## ABOUT THIS TASK
A faithful, word-for-word copy of the data below is required, without pictures.
═════ THE DATA ═════
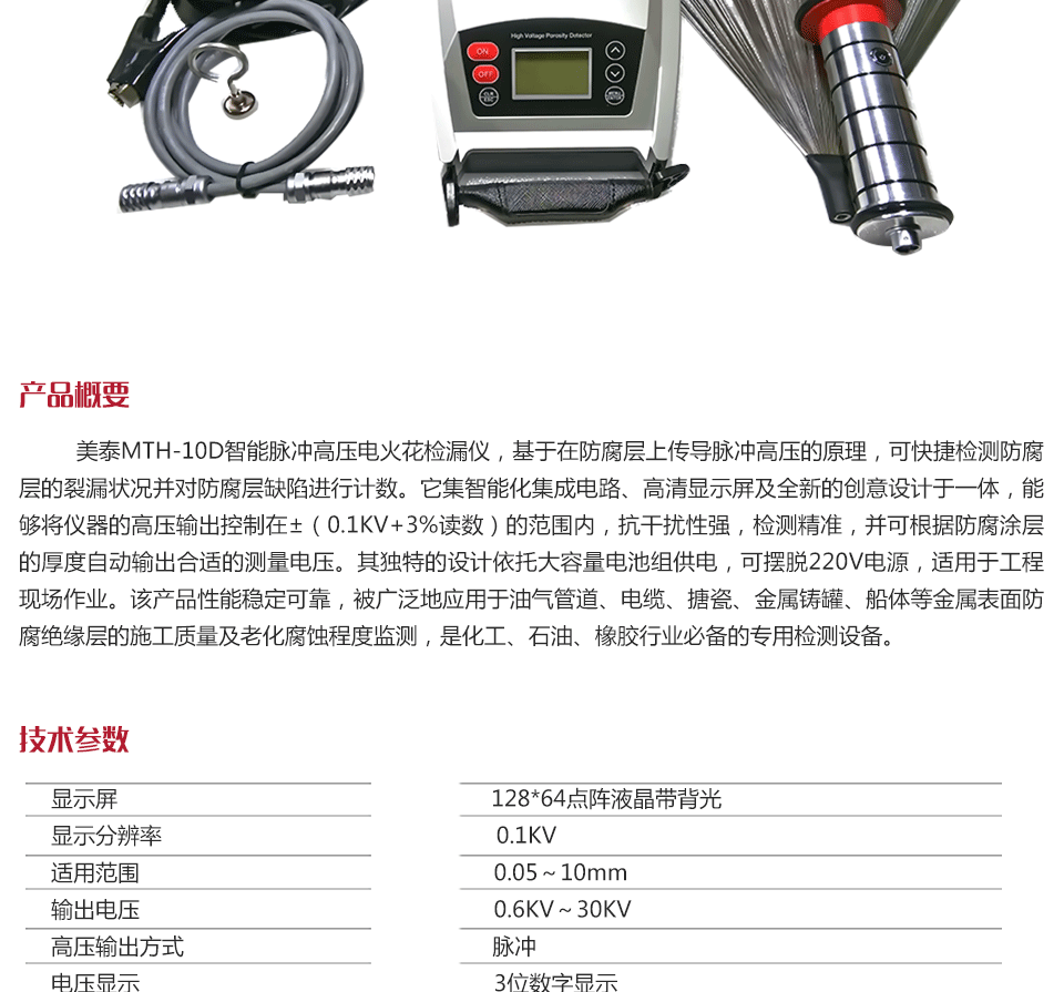 產(chǎn)品概述MTH-10D型數(shù)字式直流電火花檢漏儀,基于將脈沖高壓傳導(dǎo)通過防腐層的原理,可快捷檢測防腐層的裂漏狀況,使用中,針對防腐層的質(zhì)量問題,如遇針孔、氣泡、裂紋,儀器會發(fā)出明亮的電火花,同時伴有警示音,操作極為簡便,其獨(dú)特的設(shè)計(jì)依托大容量電池組供電,可擺脫220V電源,適用于工程現(xiàn)場作業(yè)。該產(chǎn)品性能穩(wěn)定可靠,被廣泛地應(yīng)用于油氣管道、電纜、搪瓷、金屬鑄罐、船體等金屬表面防腐絕緣層的施工質(zhì)量及老化腐蝕程度監(jiān)測,是化工、石油、橡膠行業(yè)必備的專用檢測設(shè)備。
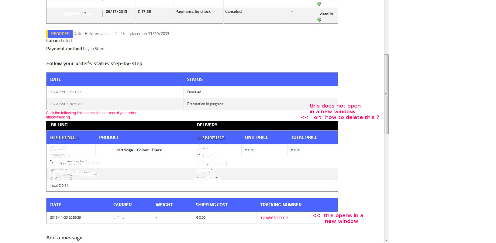 But how can i delete the first tracking link  OR MAKE IT to open also in a new browser window?  This is very important for me, so hopefully anyone can help with this.
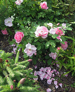 Розам особое уважение. Их обрезаем над первой сильной почкой, смотрящей не внутрь куста, а наружу, заодно наполовину укорачиваем жирующие побеги, чтобы сохранить форму куста. Срезы замазываем средством «Раннет». И непременно собираем опавшие лепестки.
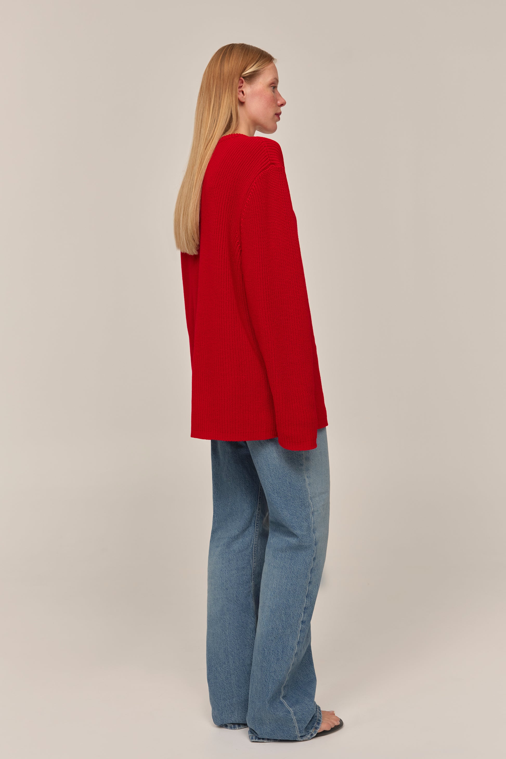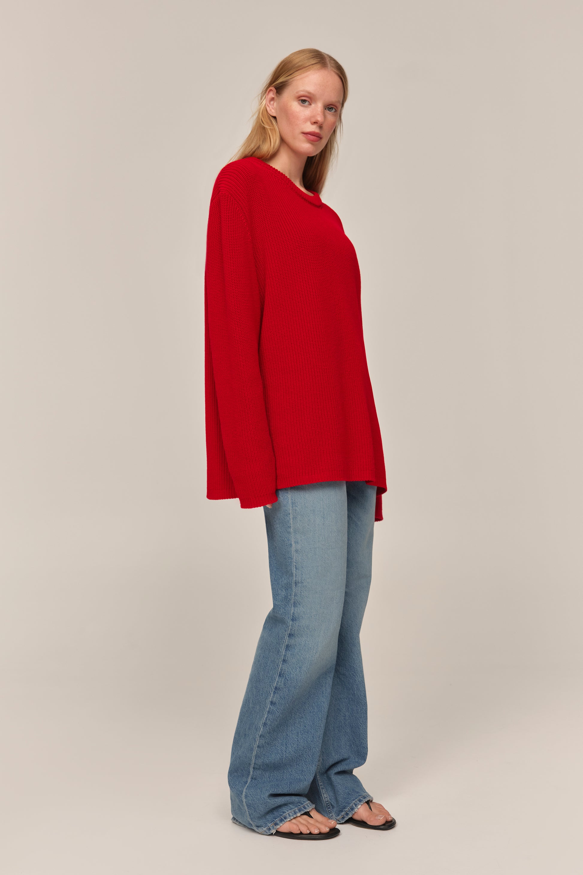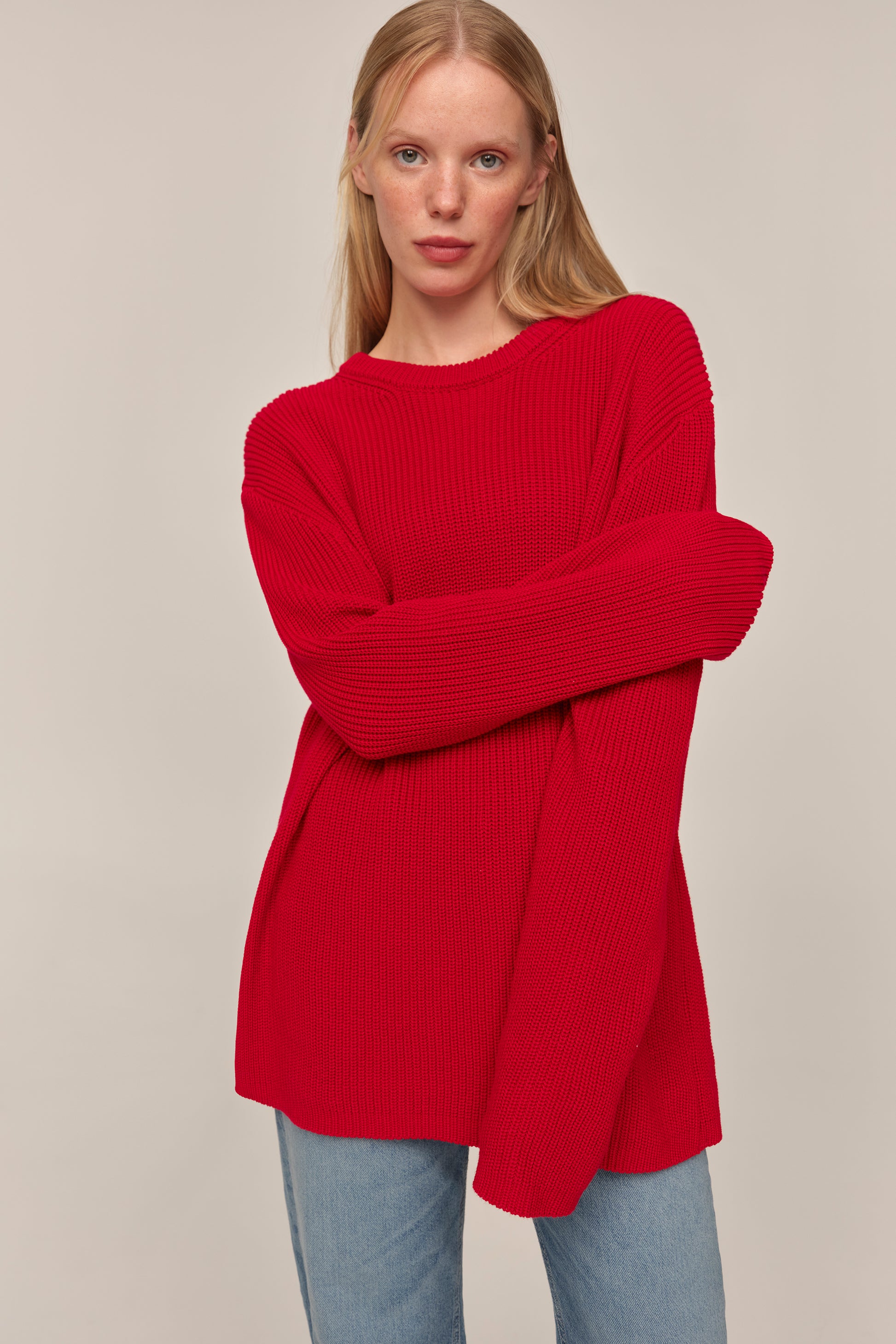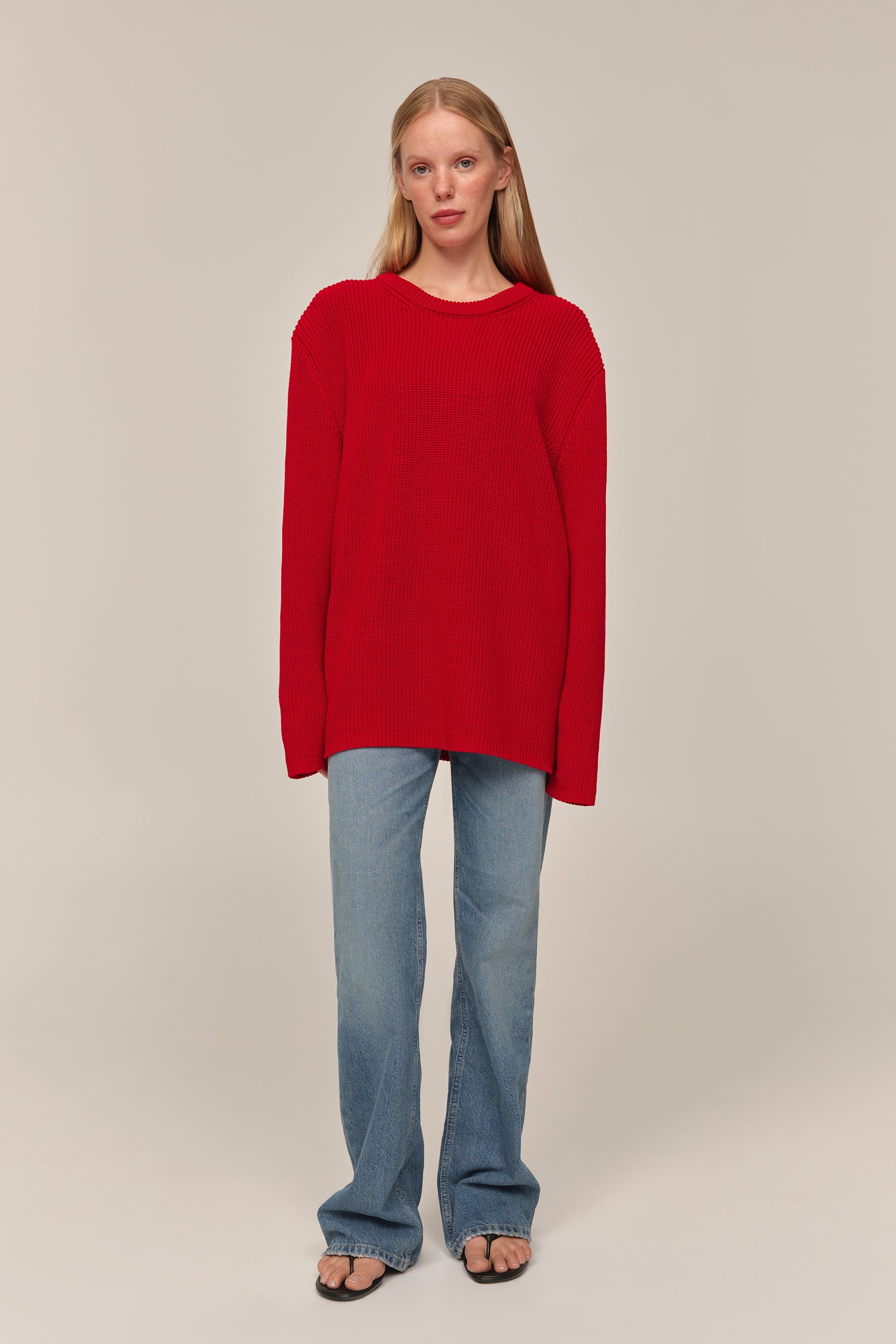 Kaia is a cotton sweater that embodies the honesty of material and the clarity of form. Its volume is emphasized by a structured knit that adds depth to the silhouette, while elongated sleeves bring a sense of ease and relaxation. Designed with a relaxed fit, it can be worn as a standalone piece or layered effortlessly. More than just a basic, it is a sweater that gives structure to a wardrobe — understated, yet defined in its details.
═════
## YOUR RESPONSE
 產(chǎn)品概述MTH-10D型數(shù)字式直流電火花檢漏儀,基于將脈沖高壓傳導(dǎo)通過防腐層的原理,可快捷檢測防腐層的裂漏狀況,使用中,針對防腐層的質(zhì)量問題,如遇針孔、氣泡、裂紋,儀器會發(fā)出明亮的電火花,同時伴有警示音,操作極為簡便,其獨(dú)特的設(shè)計(jì)依托大容量電池組供電,可擺脫220V電源,適用于工程現(xiàn)場作業(yè)。該產(chǎn)品性能穩(wěn)定可靠,被廣泛地應(yīng)用于油氣管道、電纜、搪瓷、金屬鑄罐、船體等金屬表面防腐絕緣層的施工質(zhì)量及老化腐蝕程度監(jiān)測,是化工、石油、橡膠行業(yè)必備的專用檢測設(shè)備。
 But how can i delete the first tracking link  OR MAKE IT to open also in a new browser window?  This is very important for me, so hopefully anyone can help with this.
 Розам особое уважение. Их обрезаем над первой сильной почкой, смотрящей не внутрь куста, а наружу, заодно наполовину укорачиваем жирующие побеги, чтобы сохранить форму куста. Срезы замазываем средством «Раннет». И непременно собираем опавшие лепестки.
 Kaia is a cotton sweater that embodies the honesty of material and the clarity of form. Its volume is emphasized by a structured knit that adds depth to the silhouette, while elongated sleeves bring a sense of ease and relaxation. Designed with a relaxed fit, it can be worn as a standalone piece or layered effortlessly. More than just a basic, it is a sweater that gives structure to a wardrobe — understated, yet defined in its details.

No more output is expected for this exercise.